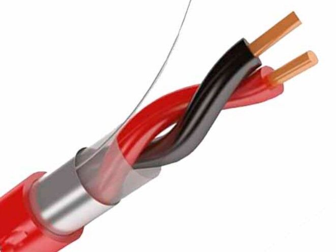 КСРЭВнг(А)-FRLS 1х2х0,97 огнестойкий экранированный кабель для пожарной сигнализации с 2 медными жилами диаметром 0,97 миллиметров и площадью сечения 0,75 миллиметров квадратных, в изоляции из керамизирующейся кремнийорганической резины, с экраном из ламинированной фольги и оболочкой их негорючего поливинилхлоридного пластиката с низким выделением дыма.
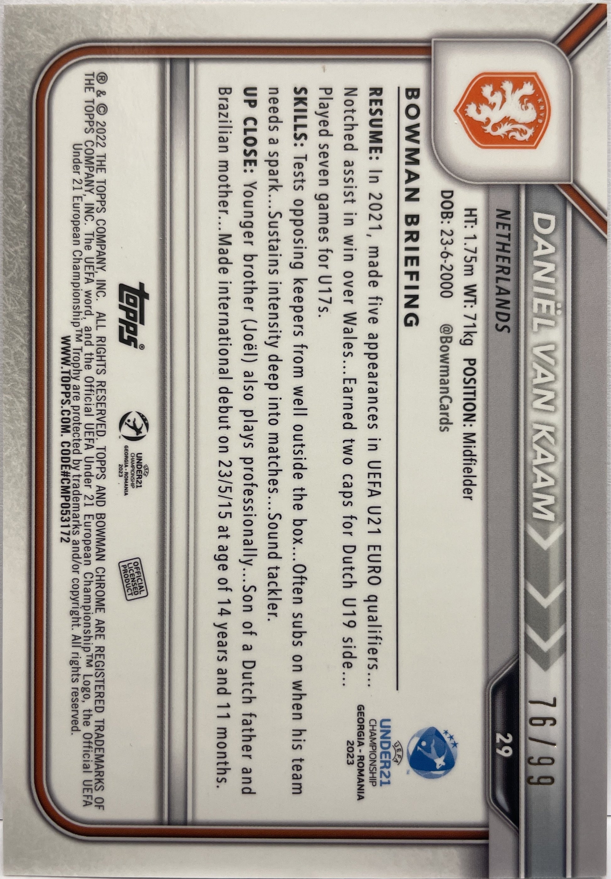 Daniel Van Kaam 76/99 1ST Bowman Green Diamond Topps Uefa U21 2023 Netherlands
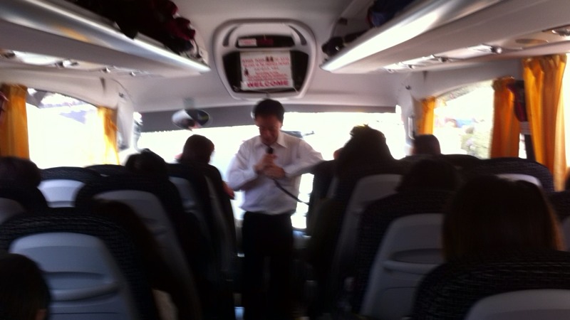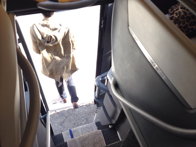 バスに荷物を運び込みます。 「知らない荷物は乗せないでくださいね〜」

==

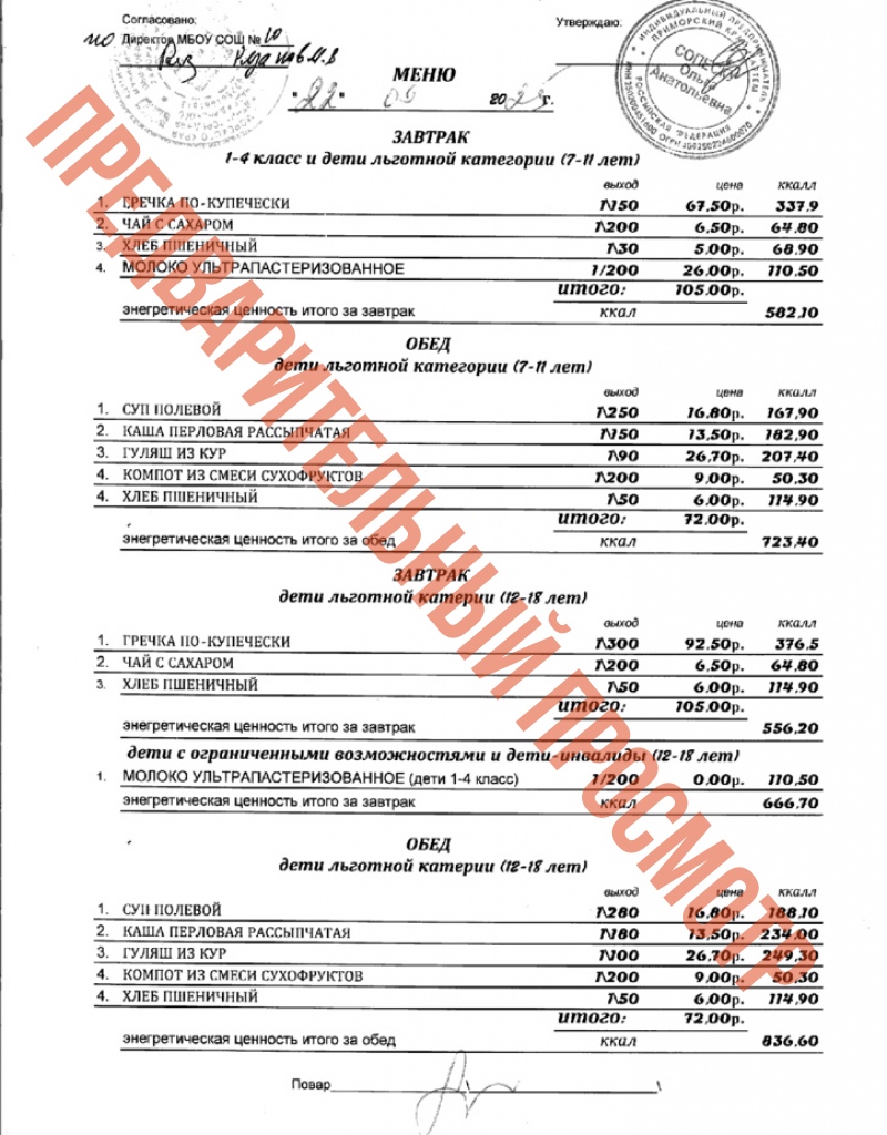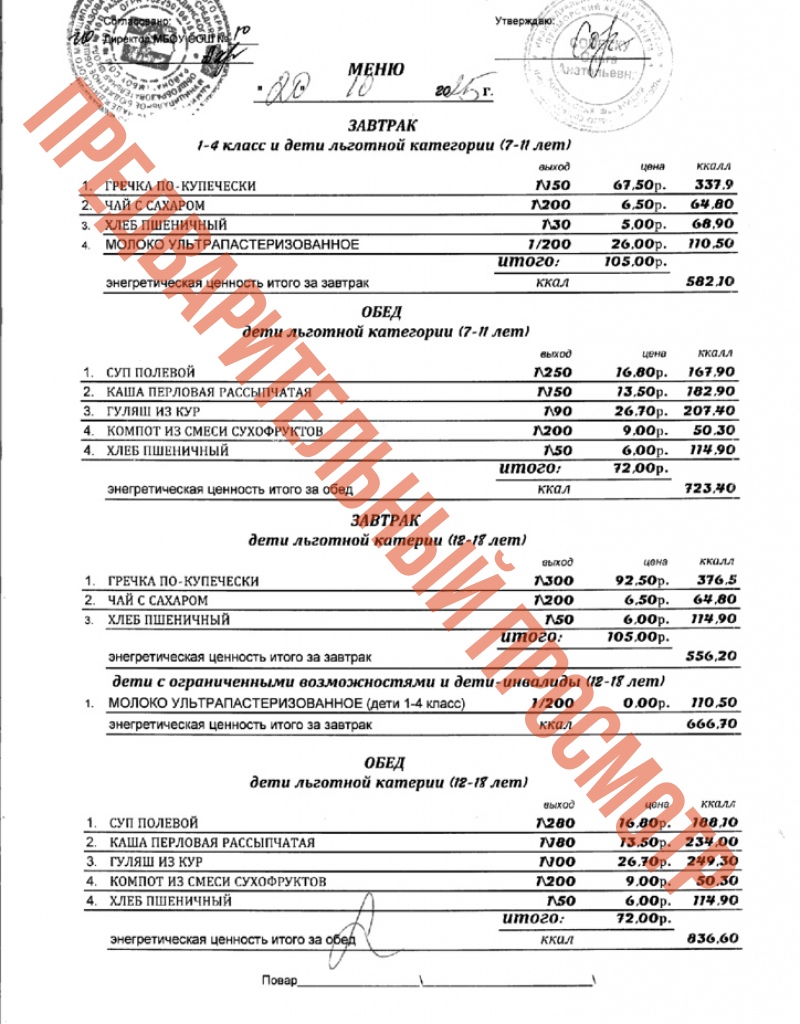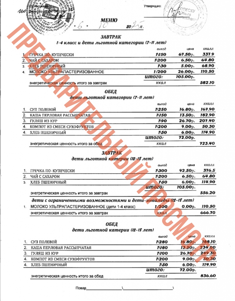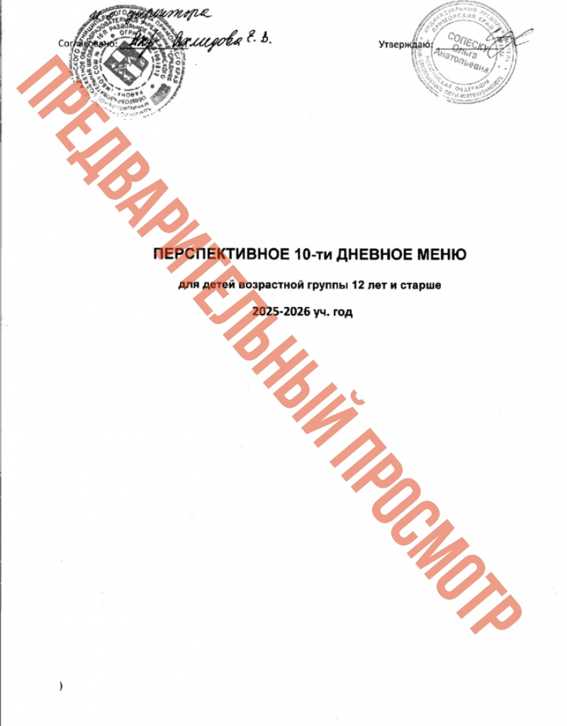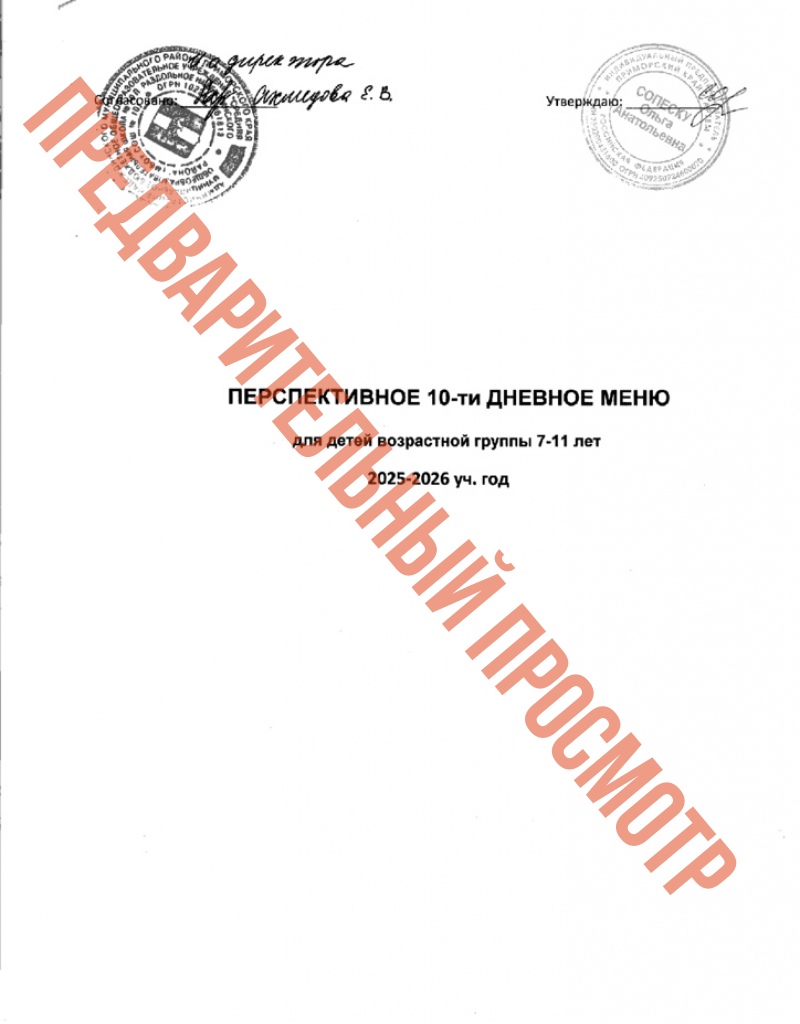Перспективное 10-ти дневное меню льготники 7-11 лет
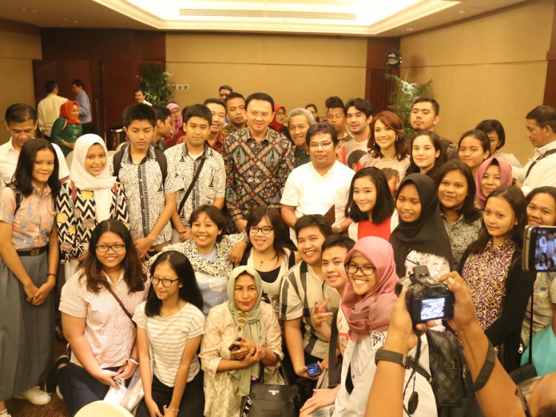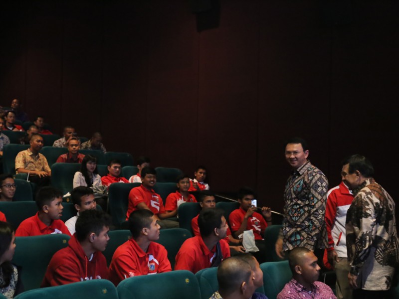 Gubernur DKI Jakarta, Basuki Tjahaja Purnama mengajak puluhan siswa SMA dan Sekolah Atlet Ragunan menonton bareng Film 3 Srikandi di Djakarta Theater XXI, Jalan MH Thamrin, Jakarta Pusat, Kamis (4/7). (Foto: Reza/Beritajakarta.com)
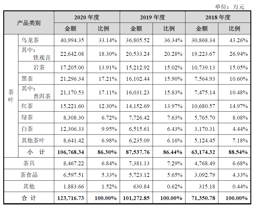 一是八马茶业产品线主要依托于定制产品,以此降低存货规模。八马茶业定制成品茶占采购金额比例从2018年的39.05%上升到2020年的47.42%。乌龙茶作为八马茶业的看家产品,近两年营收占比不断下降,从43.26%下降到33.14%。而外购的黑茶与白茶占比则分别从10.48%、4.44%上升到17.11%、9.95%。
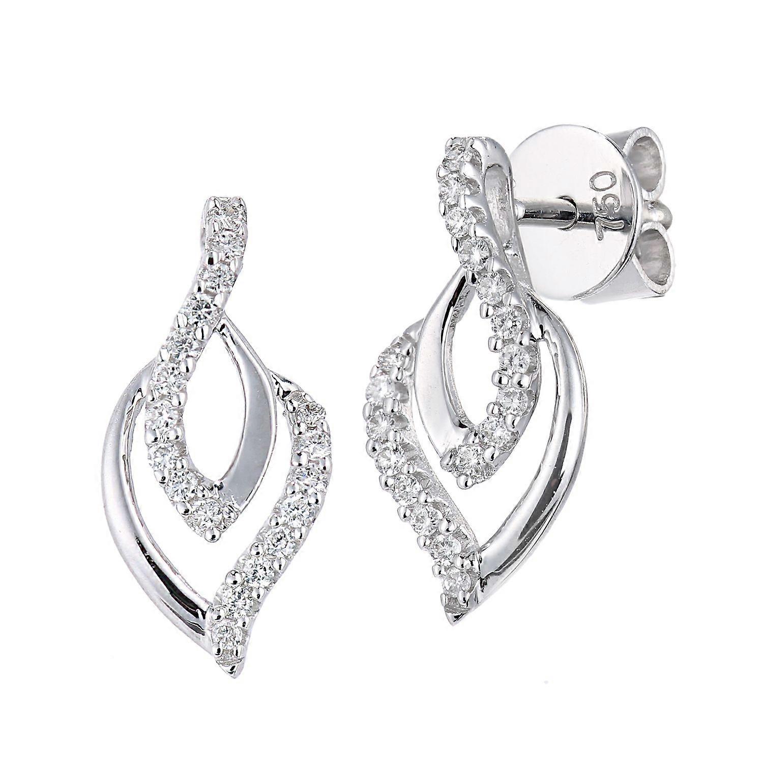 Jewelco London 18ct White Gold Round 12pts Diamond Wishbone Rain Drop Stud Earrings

---

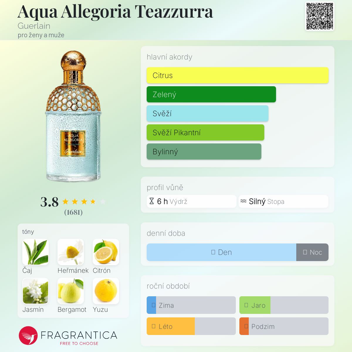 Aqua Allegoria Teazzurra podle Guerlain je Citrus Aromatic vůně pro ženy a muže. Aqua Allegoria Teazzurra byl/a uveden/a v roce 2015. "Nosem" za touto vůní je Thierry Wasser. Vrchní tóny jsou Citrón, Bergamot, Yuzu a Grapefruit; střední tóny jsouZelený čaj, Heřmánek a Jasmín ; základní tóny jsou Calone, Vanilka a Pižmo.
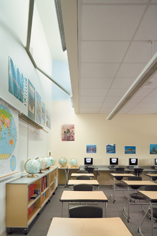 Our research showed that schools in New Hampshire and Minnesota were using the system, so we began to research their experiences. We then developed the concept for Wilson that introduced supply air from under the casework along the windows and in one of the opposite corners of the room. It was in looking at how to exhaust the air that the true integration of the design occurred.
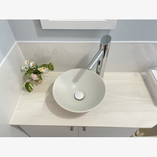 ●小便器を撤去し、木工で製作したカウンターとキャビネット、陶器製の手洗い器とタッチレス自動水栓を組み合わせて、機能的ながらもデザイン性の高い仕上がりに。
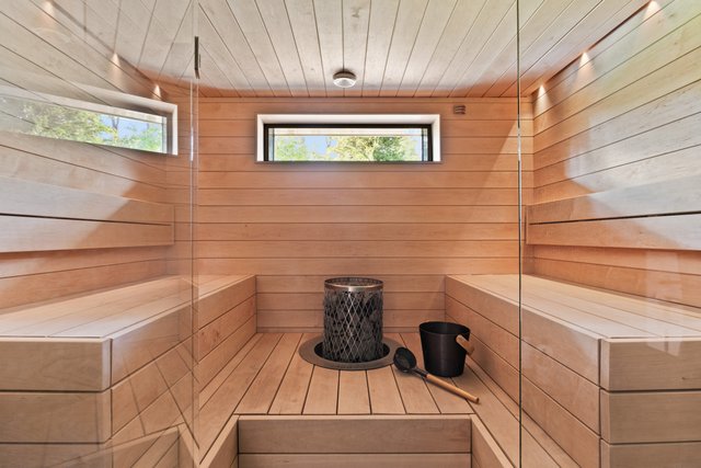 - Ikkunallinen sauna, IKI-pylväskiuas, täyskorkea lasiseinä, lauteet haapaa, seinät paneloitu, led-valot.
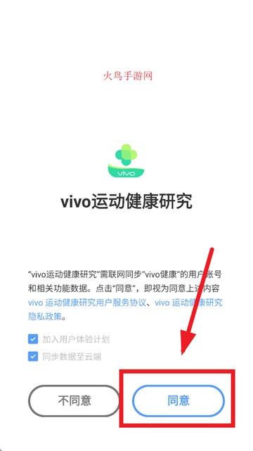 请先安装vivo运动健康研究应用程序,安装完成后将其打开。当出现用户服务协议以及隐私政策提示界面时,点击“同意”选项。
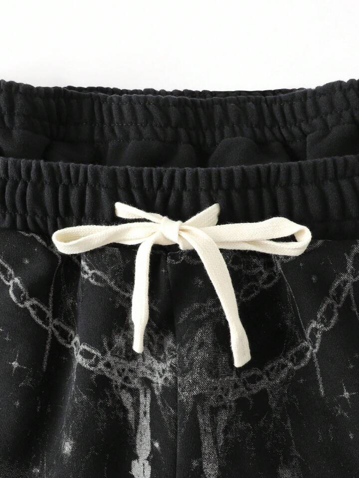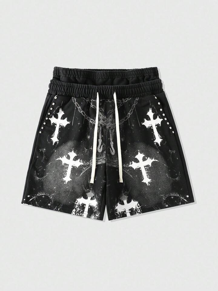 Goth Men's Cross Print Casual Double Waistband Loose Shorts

§ Exercise details: Using the data above, transcribe exactly the lines between those containing "Gubernur DKI Jakarta, Basuki" and "Jewelco London 18ct", inclusive, and leave every picture behind.

§ Problem solution:
 Gubernur DKI Jakarta, Basuki Tjahaja Purnama mengajak puluhan siswa SMA dan Sekolah Atlet Ragunan menonton bareng Film 3 Srikandi di Djakarta Theater XXI, Jalan MH Thamrin, Jakarta Pusat, Kamis (4/7). (Foto: Reza/Beritajakarta.com)
 一是八马茶业产品线主要依托于定制产品,以此降低存货规模。八马茶业定制成品茶占采购金额比例从2018年的39.05%上升到2020年的47.42%。乌龙茶作为八马茶业的看家产品,近两年营收占比不断下降,从43.26%下降到33.14%。而外购的黑茶与白茶占比则分别从10.48%、4.44%上升到17.11%、9.95%。
 Jewelco London 18ct White Gold Round 12pts Diamond Wishbone Rain Drop Stud Earrings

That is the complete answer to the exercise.